Lessons from baseball

The poetry of baseball is as old as the game, and literary evidence of the desire to return to home base goes back to the Greeks and beyond. So what's new? For me, a gorgeous tooth and a mouth guard to wear at night to protect me from myself. Thanks to modern dentistry, after many months, I finally have a beautifully implanted canine tooth to fill a space formerly the size of New Jersey. And then there's my new mouth guard that's supposed to keep me sliding--not grinding--into home plate.


Ah, to be able to read a map! (When you come to a fork in the road, take it?)

This search for home makes me think of my dad, an appreciator of maps who always worried about being lost, and who died at 63. Although I did not inherit the map-reading gene, I had always thought I resembled him in other ways--that the apple does not fall far from the tree (more about that in a minute)--and I never thought I would make it to 66.

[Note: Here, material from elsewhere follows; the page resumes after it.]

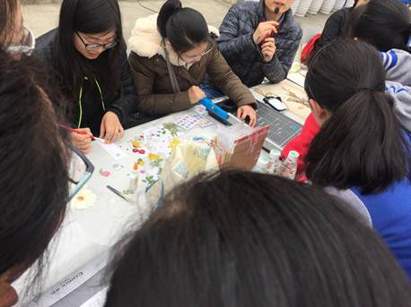 志愿者现场制作植物书签标本

Which way to the bathroom?

The question of the difficulty I have orienting myself came up during our first night back in Italy. When I woke up to go to the bathroom, I felt disoriented about which way to turn. Sensing that something was not right, I waited before taking a step. I recalled a remark Jim had made in our American home about waking up at night and not knowing which way to turn for the bathroom. Something finally made me realize that I was no longer in New Haven, and I found my way. When I had made it safely back to bed, I had a flashback to the time when my young self nearly walked off the edge of a high staircase, thinking I was elsewhere. We had had a houseful of guests, and I had been elected to sleep in our playroom with my visiting grandma, who woke up just in time to prevent me from walking off the edge into nowhere.

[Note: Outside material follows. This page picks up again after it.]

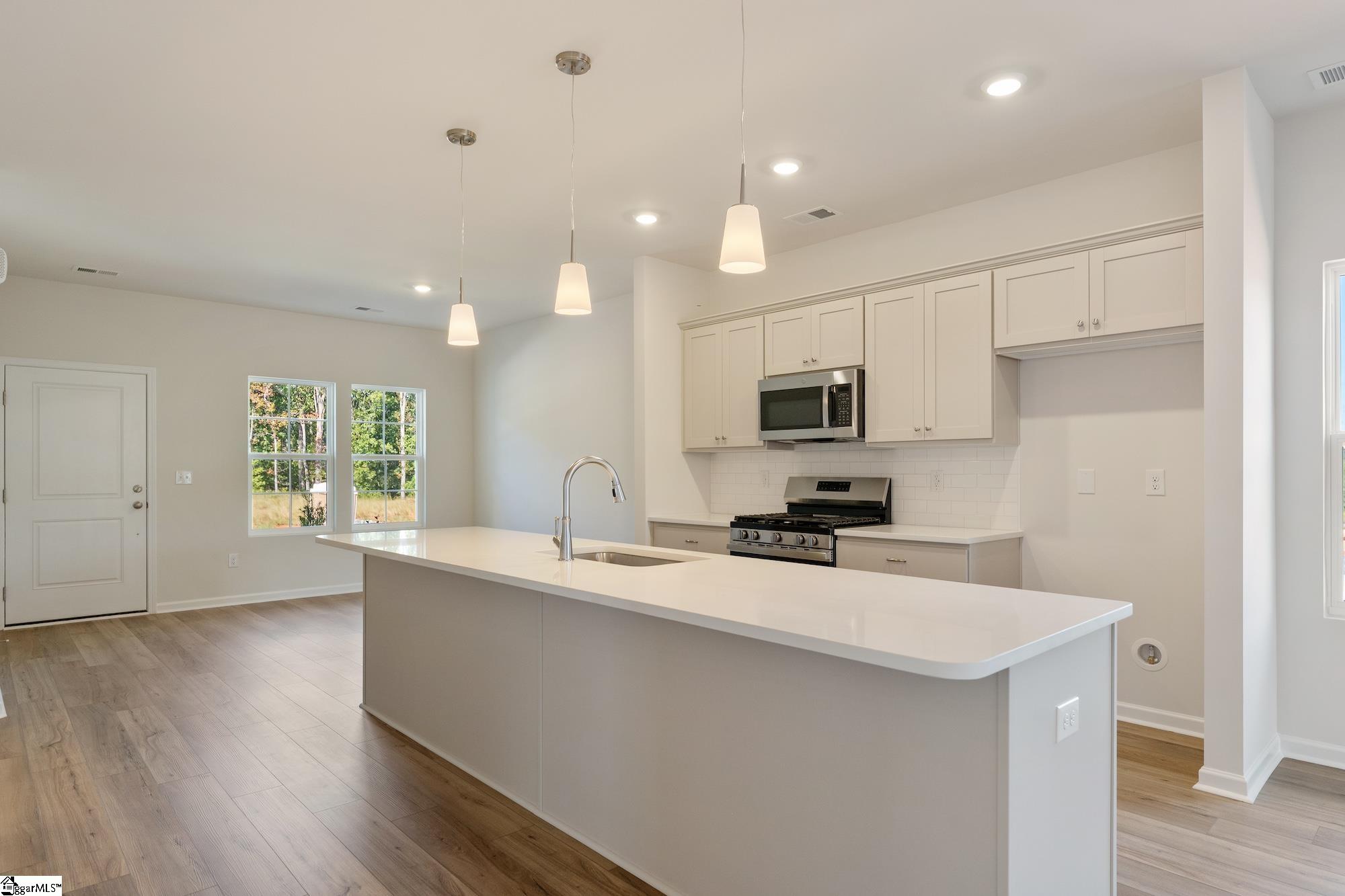 This Brunswick floorplan is a charming single-story home nestled in the new construction community in Inman. Enjoy the convenience of living minutes from historic downtown Inman, being less than 15 minutes from all the shopping and dining you could need off HWY9 in Boiling Springs, and less than 1 mile from I26. This home sits on a fully sodded yard and backs up to a local peach farm. Zoned for Boiling Springs Middle and High School, this community is a gem. Step inside to discover an open floorplan adorned with luxury vinyl plank flooring that flows seamlessly through the main living area, bathrooms, and laundry room. The heart of the home is the modern kitchen, complete with stainless steel appliances, upgraded cabinetry, sleek countertops, and a large island that is perfect for casual dining and entertaining. The primary bedroom is located at the back of the home and overlooks the backyard with amazing view of the neighboring peach farm. The two secondary bedrooms share a Jack-N-Jill style bathroom with a door separating the vanity from the tub/shower. Every detail has been carefully curated, with upgraded fixtures and finishes throughout, adding a touch of sophistication to every room.

What happened to terra (sort of) firma?

Next, I flashed to the time in Maui after a storm had swallowed up the beach. I relived my shock as I peered down at what used to be the stairway to Kamaoli Beach Number Two, which now led right into an abyss filled with ocean, where soft sand used to be. 


More liminal zones

I was on a threshold then, too, but did not know it, since while living in Maui, I was writing the dissertation that was like birthing a first “baby.” A few years later came a less metaphorical birth—that of my son--about which I was just reading in my scrapbook from those days. It was the Metropolitan Art Museum's "Baby's Journal" adorned with old French block prints, the latest version of which we'll be giving our now adult son, and that will mark a new phase of life. I'm remembering learning in my freshman Intro to Psychology class about Erik Erikson's stages of life, as I now get ready for my grandparent stage. It was there that I also learned for the first time about Elisabeth Kubler-Ross's stages of dying. My dad was especially good at the denial stage. Am I denying anything? Not so much. 


After the flood
We arrived this week in Italy a month after the worst flood in recent memory. We could see the trees that had been uprooted, swept away, and that were now lying on their side--the new lay of the land. The flood had not done our own already impossibly bad roads any good, either. Of the two ways to access our house, the one that appears to date back to the Etruscans always reminds me of the opening to Longfellow's "Evangeline":

THIS is the forest primeval. The murmuring pines and the hemlocks,
Bearded with moss, and in garments green, indistinct in the twilight,
Stand like Druids of eld, with voices sad and prophetic,
Stand like harpers hoar, with beards that rest on their bosoms.








The opening to Dante's "Inferno," however, contains the essence of the entire mishmash of what I have been babbling about--journeys, life stages, transitions, thresholds, floods, dental wizardry, baseball, birth and rebirth, the thirst for home, losses and feeling lost: 


Nel mezzo del cammin di nostra vita
mi ritrovai per una selva oscura,
ché la diritta via era smarrita.

Midway on our life's journey, I found myself
In dark woods, the right road lost. 





--all of the above was scribbled in the mental fog of a bumpy first night in middle-of-nowhere Italia, and subsequently unscrambled (?) on 12/26/12 by the post-birthday girl, D  

CODA

Since this post opened with a mention of the “Hallelujah Chorus,” maybe it’s fitting that it close with a coda. I said above that I would be getting back to the expression, “the apple doesn’t fall far from the tree.” Well, as you can see, here at our house in Umbria, even in December, not so many apples have fallen from the tree at all. And they still taste good, too.